While I like the idea, I'm not sure how useful this will be. Generally you want to know the rate over time since it will likely change quite a bit based on deploys, etc. I almost would rather make the client responsible because it's hard to actually provide the "correct" value here, as it depends heavily on the use-case, which the client knows much better than the server.

If we did want to do this, I agree that we could probably do this without reading the ring buffer, and maintain some state for these purposes. hubble_flows_processed_total metric would provide what we need, but Prometheus metrics don't expose a way to retrieve the value stored, so it's probably simpler to just add another atomic counter for these purposes.

Calculating rate is a bit tricky, since we need to track the counter value over time, (probably via a Go routine timer), and then we can calculate the rate by comparing previous values to newer values (and computing the deltas).

glrf · 2023-09-26T08:46:12Z

So in this case we'd first need to decide if we really want to implement this feature.

My 2 cents: I see the point that this has questionable benefits for cluster operators and they are better off using metrics. However, we already report Flows/s in hubble status, which is currently just the average over the complete uptime. I think we should try to improve that reported number. I don't think it needs to be 100% accurate, but something that is a bit closer to the actual rate. That would help in demos and give a better first impression.
But if the consensus is we don't need that, feel free to close this PR and cilium/hubble#952 as won't do.

Next, if we want to implement this, we need to agree on an implementation. I agree the current approach isn't particularly elegant, but it's simple and doesn't introduce any overhead for the write path. I'm happy to implement this in a more elegant way, but I don't want to over-engineer this.
So I'd like to have an consensus on what the implementation needs to do. Should it report rate averaged over a minute or something else? Should it report multiple rates to show a trend or not? Should it be more performant? Should it be more accurate?

chancez · 2023-09-26T15:42:26Z

Should it report multiple rates to show a trend or not?

I kinda like this idea. Like the loadavg. We could show the 1/5/15 minute flow rates (or similar). What do people think?

lambdanis · 2023-09-27T09:10:31Z

I see the point that this has questionable benefits for cluster operators and they are better off using metrics. However, we already report Flows/s in hubble status, which is currently just the average over the complete uptime.
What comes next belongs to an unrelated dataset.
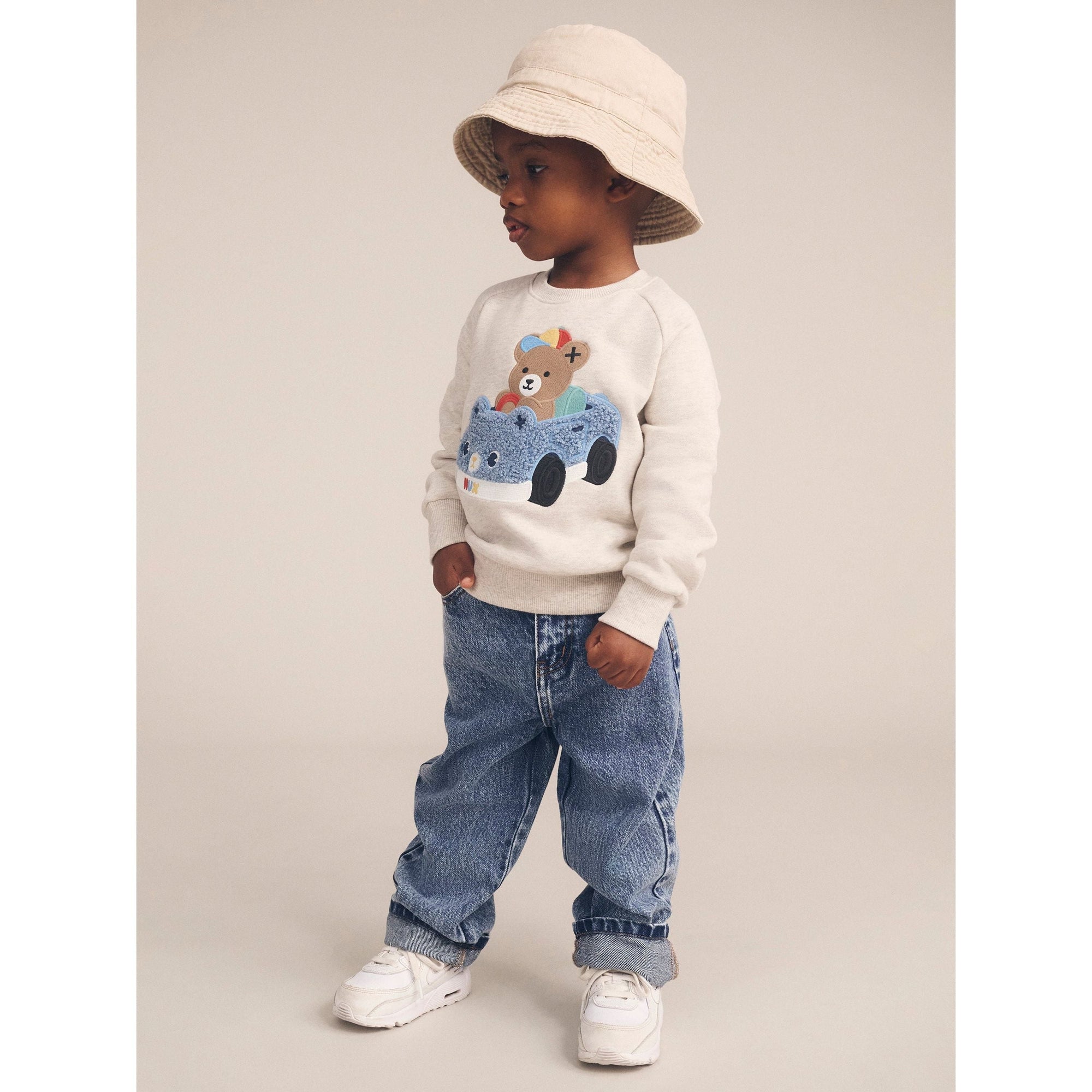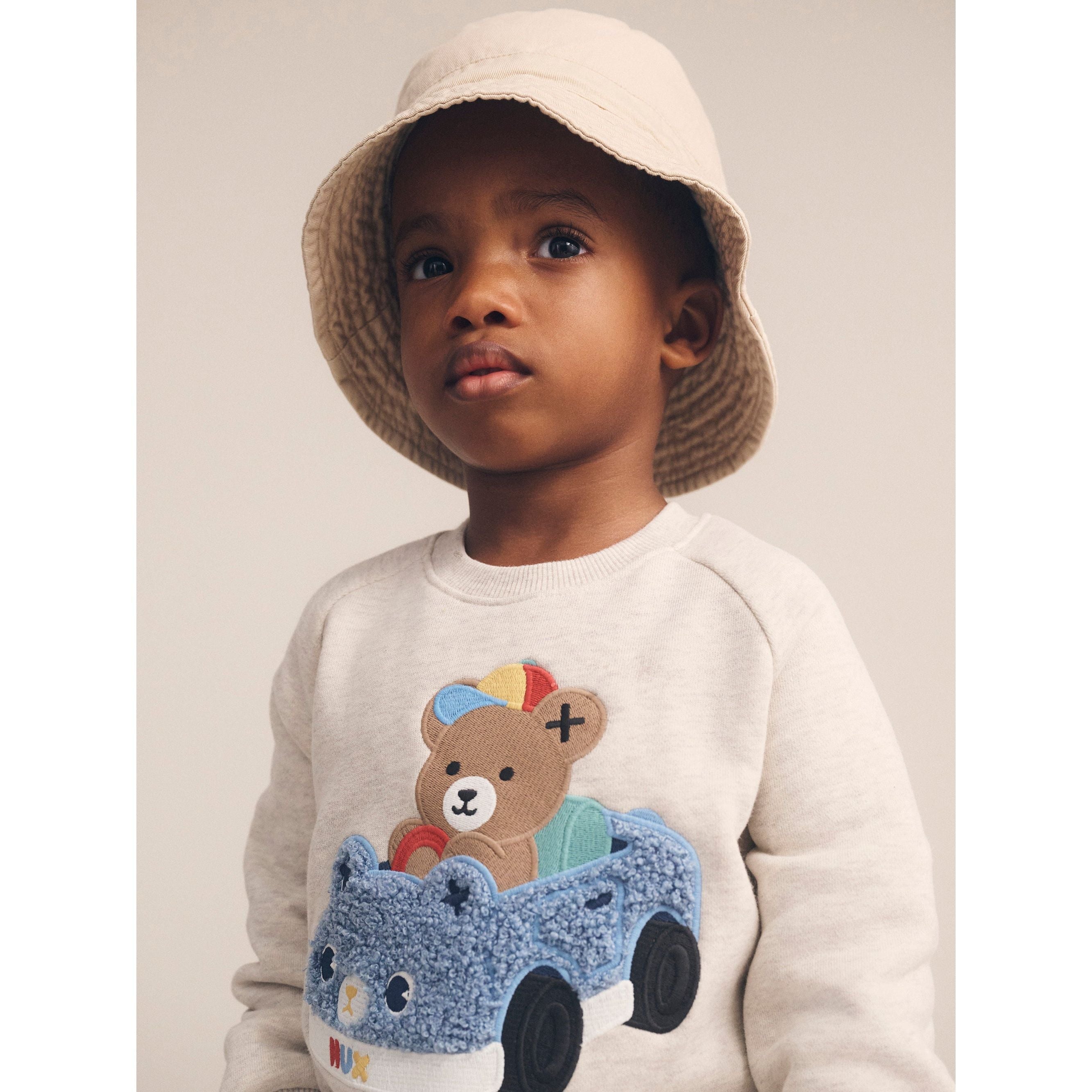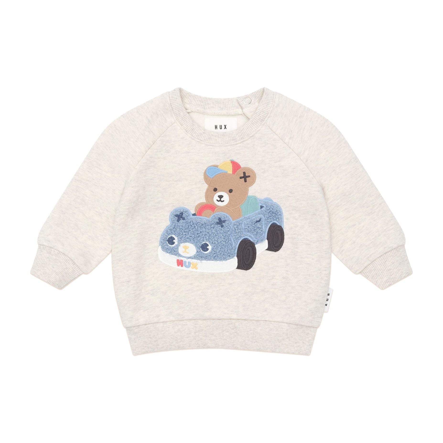 This cosy Huxmobile fleece sweatshirt is made from the dreamiest almond marle organic cotton that feels like getting a big hug from your best friend. It features a tummy-sized fluffy Huxmobile embroidery. Baby sizes include stainless steel back snaps for easy dressing.

I think we should try to improve that reported number. I don't think it needs to be 100% accurate, but something that is a bit closer to the actual rate. That would help in demos and give a better first impression.

IMO it's worth having this number in Hubble status. It can be helpful when metrics are disabled or the metrics system is down, or you just want to get the live rate from the CLI without caring about the whole metrics pipeline and promql.

Next, if we want to implement this, we need to agree on an implementation. I agree the current approach isn't particularly elegant, but it's simple and doesn't introduce any overhead for the write path. I'm happy to implement this in a more elegant way, but I don't want to over-engineer this.
So I'd like to have an consensus on what the implementation needs to do. Should it report rate averaged over a minute or something else? Should it report multiple rates to show a trend or not? Should it be more performant? Should it be more accurate?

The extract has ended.